= Bohemian Queens =

Bohemian Queens, also known as Queens Bohemians and New York Bohemians, was an American soccer club based in Queens, New York that was a member of the American Soccer League.

==History==
Bohemian Queens emerged following the arrival of Irish footballers in New York during the 1920s. Several of these men had previously played in Ireland, including for Bohemian FC in Dublin, and they formed an amateur side generally referred to as the New York Bohemians. They wore red and black, trained in familiar routines from home and competed in the city's amateur leagues. Their standard was mixed, but they were reported on regularly and held a steady mid-table presence until the end of the decade.

By the early 1930s, a related identity appeared in Queens under the name Bohemian Americans. This was a separate group, but it drew on the same migrant community and maintained the Bohemian name. In 1932, they featured in a series of high-profile exhibition matches during a period when the American Soccer League was struggling with financial pressure and club withdrawals. In late September and early October 1932, the team prepared to enter a newly announced competition called the National Soccer League. They played at least two documented matches in this context, including a win over Newark Rangers and a draw with the New York Americans, before the league collapsed after only a handful of games.

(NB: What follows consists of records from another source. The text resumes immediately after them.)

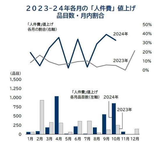 ただし、値上げの沈静化傾向が強まった前年同月(2148品目)に比べると756品目(35.2%)少なく、9カ月連続で前年同月を下回ったほか、減少率は9月までで年内最小となった。また、1回あたりの平均値上げ率は9月単月で16%だった。
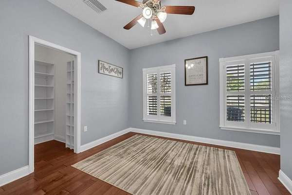 - Built-In Features, Crown Molding, Eat-In Kitchen, High Ceilings, Open Floorplan, Primary Bedroom Main Floor, Solid Surface Counters, Thermostat, Walk-In Closet(s), Window Treatments
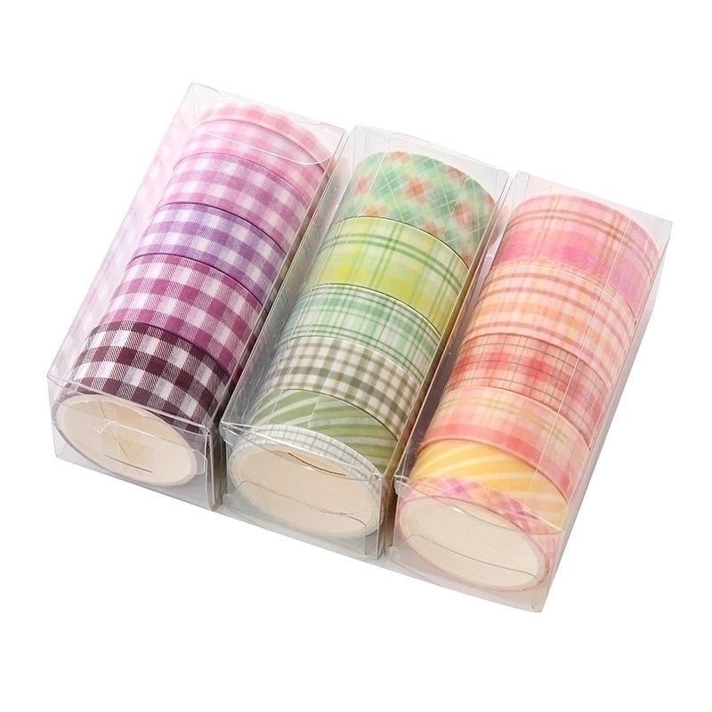 Korean Plaid And Paper Adhesive Tape Set Creative Stationery Diy Plaid Hand Account Handmade Stickers Exclusive For Cross-border
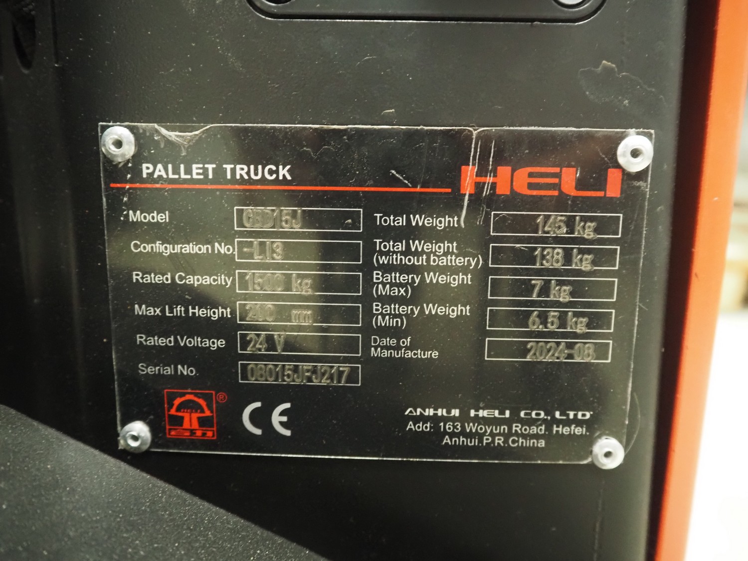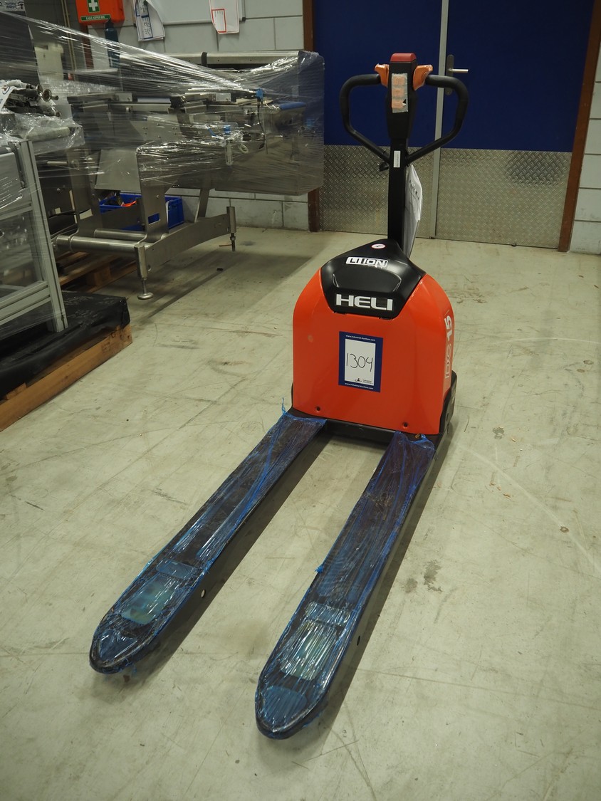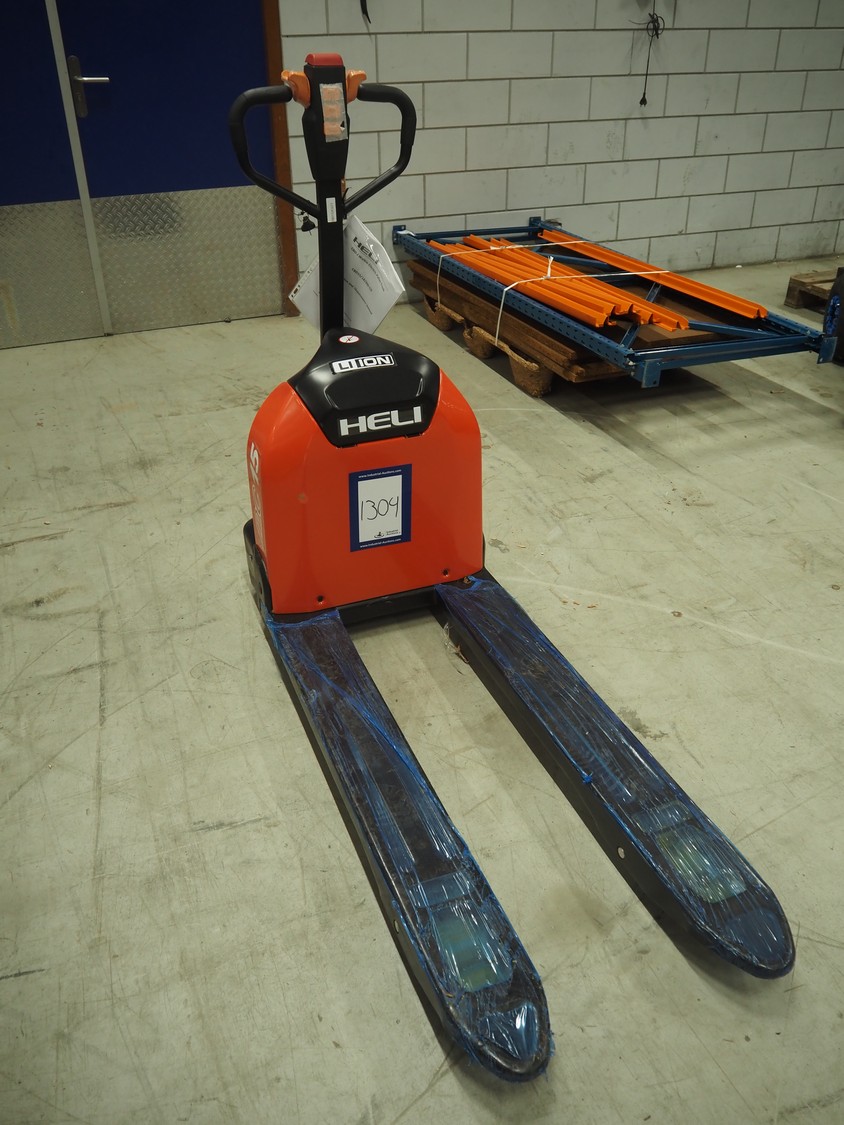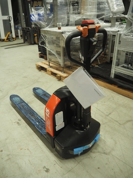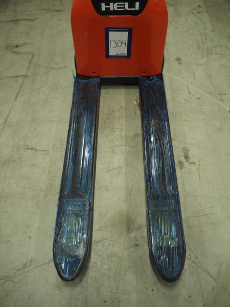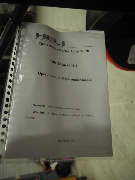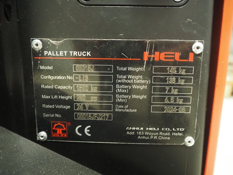 HELI electric pallet lifter, model: GBD15J, serial number: 08015JFJ217, year of construction: 2024, capacity: 1500 kg, fork length: 1150 mm, total dimensions: 1550 mm x 560 mm x 1220 mm.
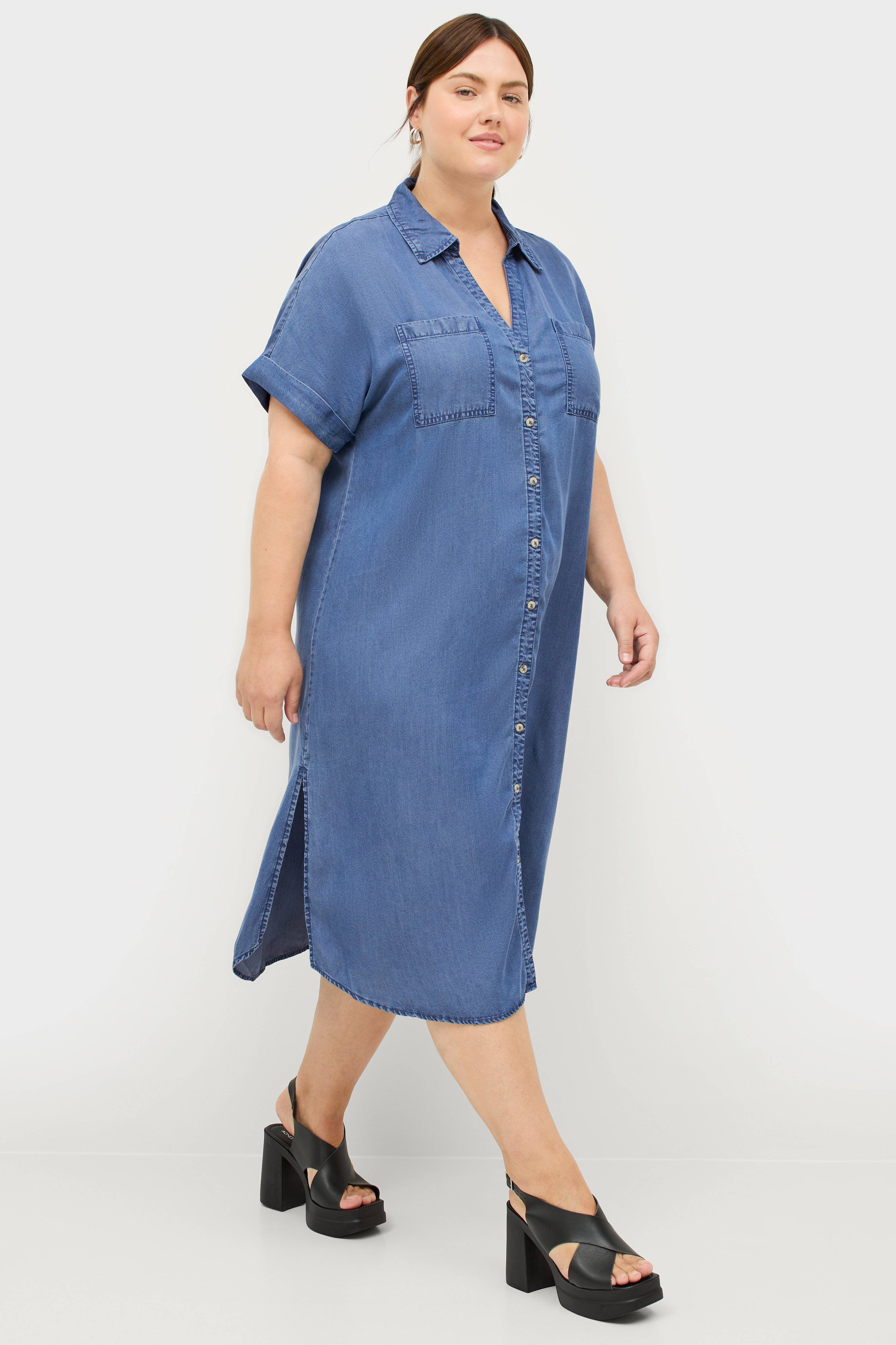 • Skjortekjole i lyocell• Gennemknappet model• Løs pasform• Korte ærmer med oprullet• To brystlommer• Slidser nede i siderne• Store størrelser• Længde: 122 cm i størrelse S
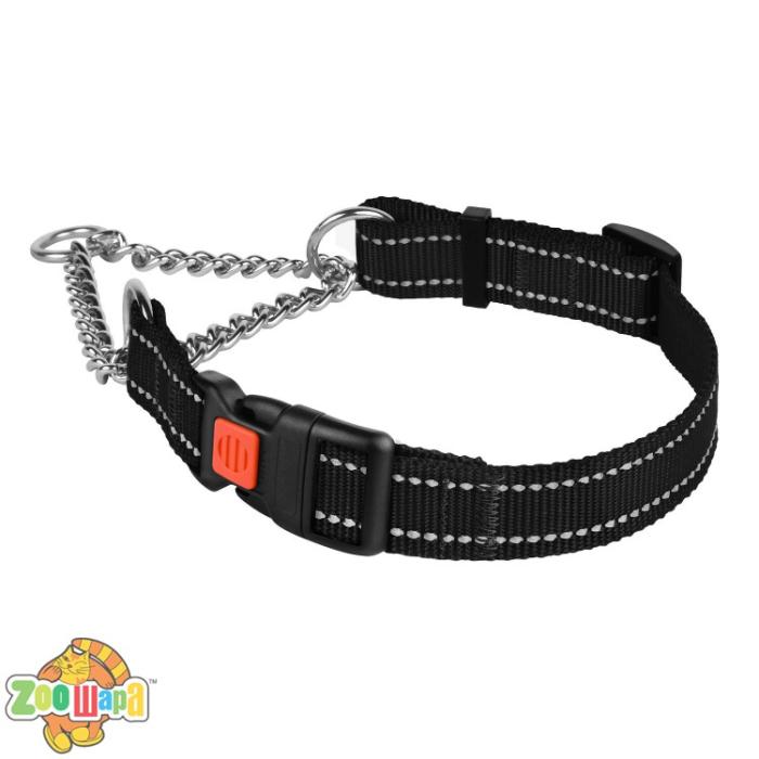 Нейлоновый ошейник мартингейл со светоотражением для собак ТМ BronzeDog легкий, прочный и надежный.
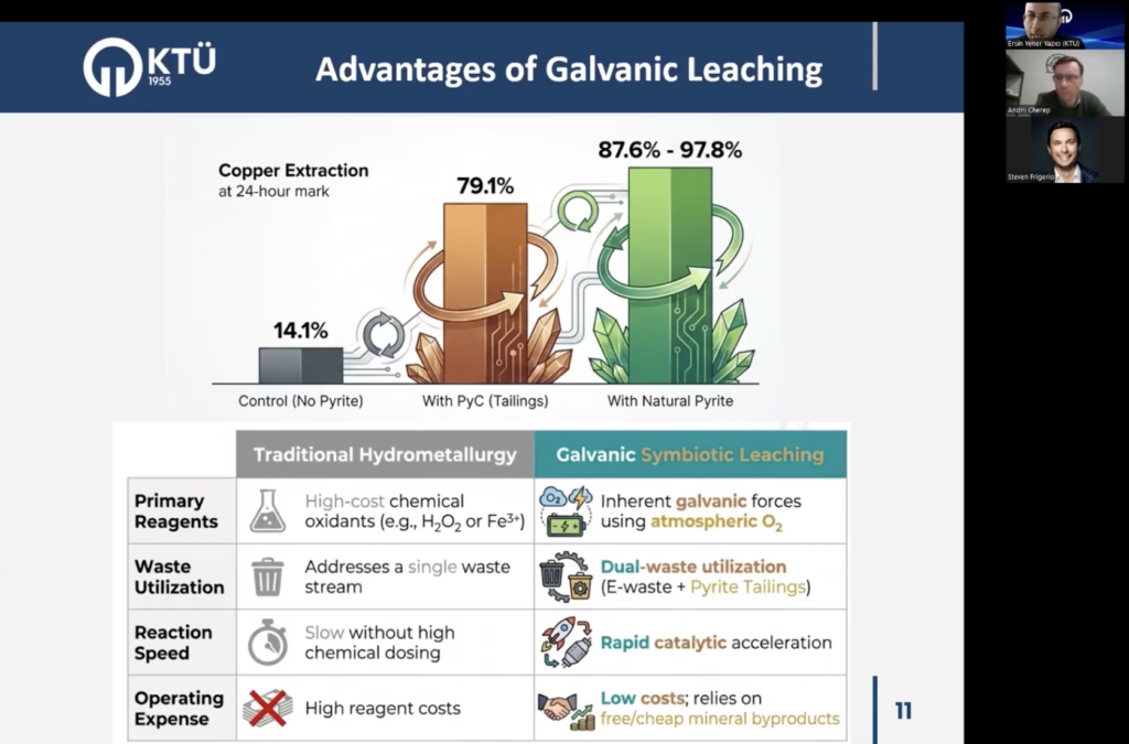 This galvanic leaching approach significantly improves copper recovery rates—from around 14% to nearly 79%—while reducing the need for costly chemical reagents.
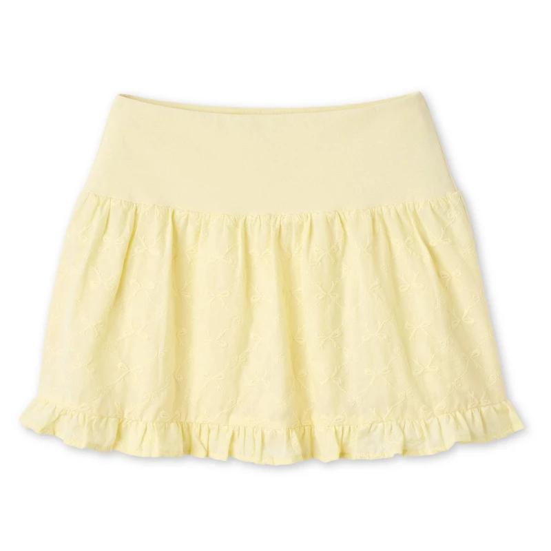 No Boundaries women’s bow embroidered skort adds a playful twist to an everyday essential. Made with stretchy inner shorts in soft jersey knit, it offers comfy coverage and easy movement throughout the day. The design features a wide elasticized waistband, all-over bow embroidery, and a ruffled hem that gives it a flirty finish. Pair it with cropped tees, tanks, or lightweight sweaters for effortless styling.This is a Junior Fit, we recommend sizing 1-2 sizes up from your regular size.
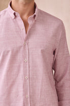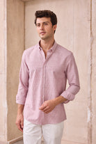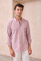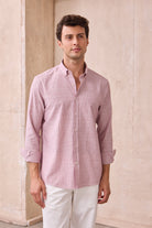 Giza %100 Pamuk Keten Görünümlü Slim Fit Kırmızı Sık Çizgili Erkek Gömlek
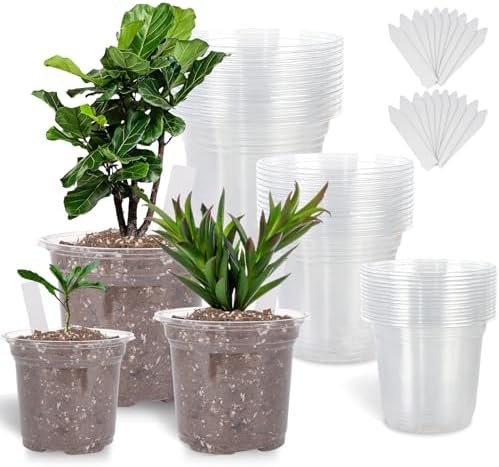 CEWOR 48pcs 5/4/3.5 Inch Clear Nursery Pots for Plants Nursery Pots with 20pcs Plant Labels, Sturdy Seedling Plastic Plant Pots with Drainage Holes, Flower Plant Seed Containers
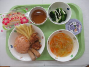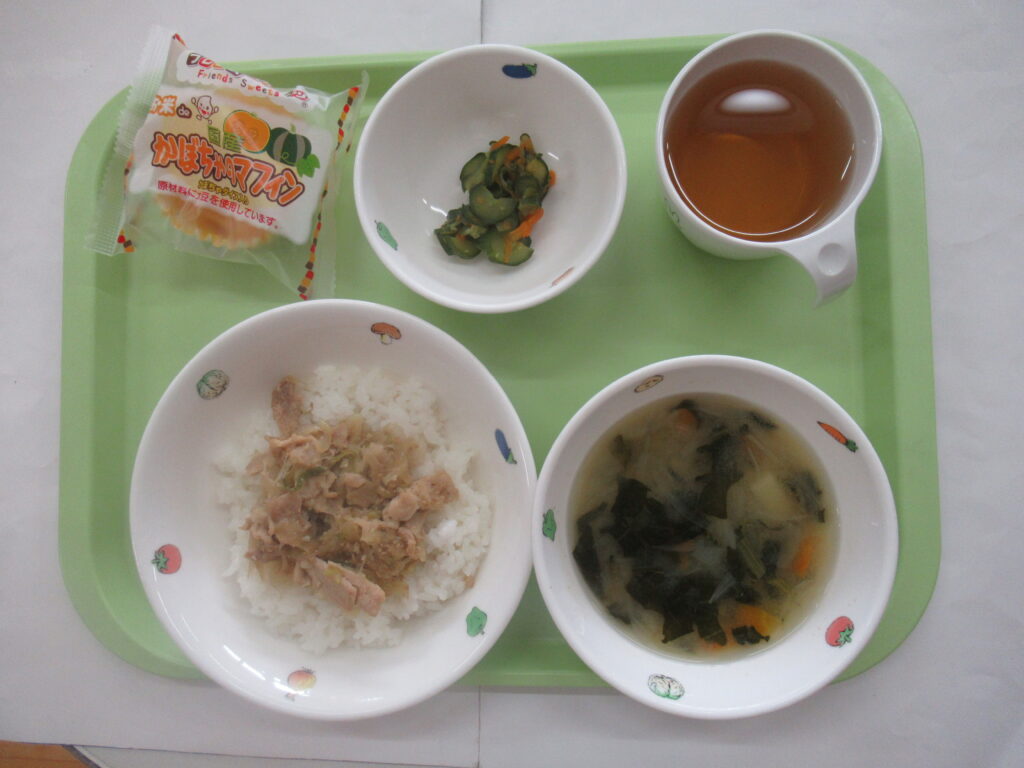 3月26日(木)給食:豚丼・きゅうりの酢の物・みそ汁            おやつ:お米DEかぼちゃマフィン
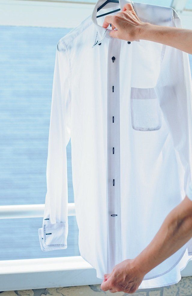 時間がないときのシャツのアイロンがけは、「きれい見えポイント」だけ念入りに。襟や肩、後ろのタックをピンとかければ、充分きれい!
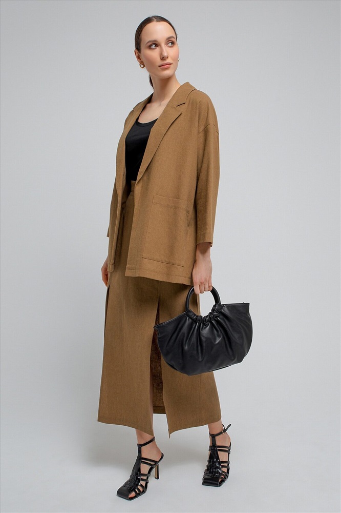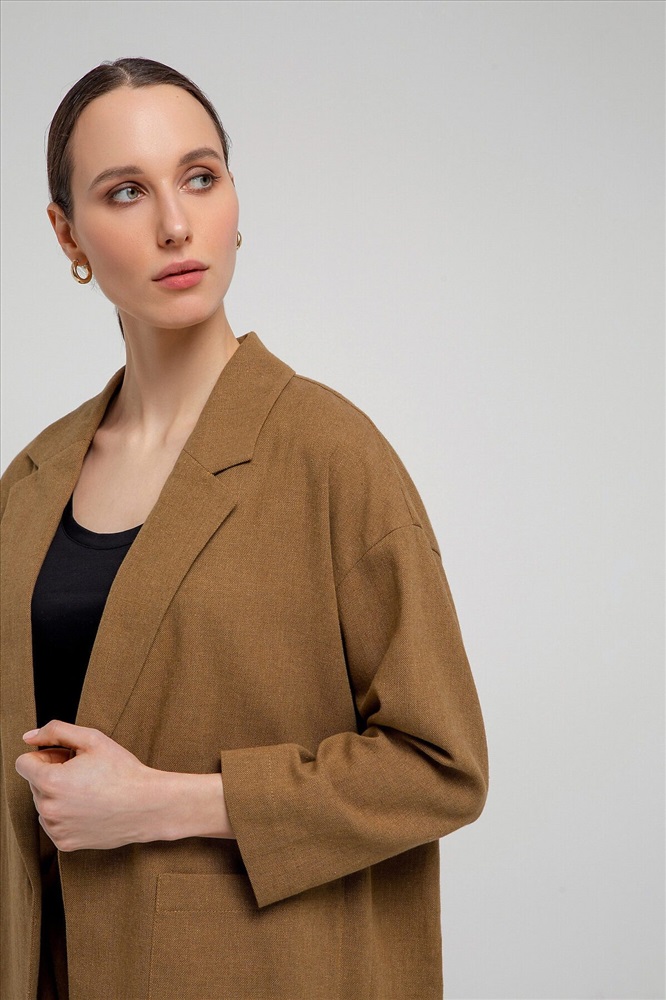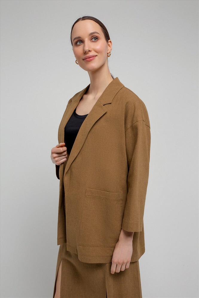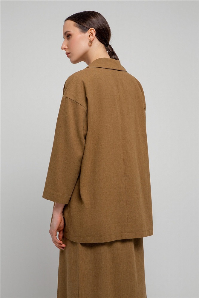 ID товара: 970676 Состав: Хлопок 70%, Лен 30% Сезон: Весна/Лето Длина: Средняя Фасон: Свободный крой Рукав: 3/4 Тип карманов: накладной Основная ткань: Хлопок Стиль: Деловой Страна бренда: Россия Страна производства: Россия Легкий свободный летний жакет из фактурной льняной ткани без застежки и подкладки, с одним накладным карманом. В паре с юбкой-миди составят трендовый образ для городского лета. Комментарии к товару

Later in 1932, the reorganised American Soccer League needed to replace the folded New Bedford Whalers franchise. The slot was taken by a Queens-based side listed as Bohemian Queens, which appears to have been a continuation of the Bohemian Americans identity brought formally into the ASL's autumn schedule. Their tenure was brief, reflecting the instability of American football during the Great Depression.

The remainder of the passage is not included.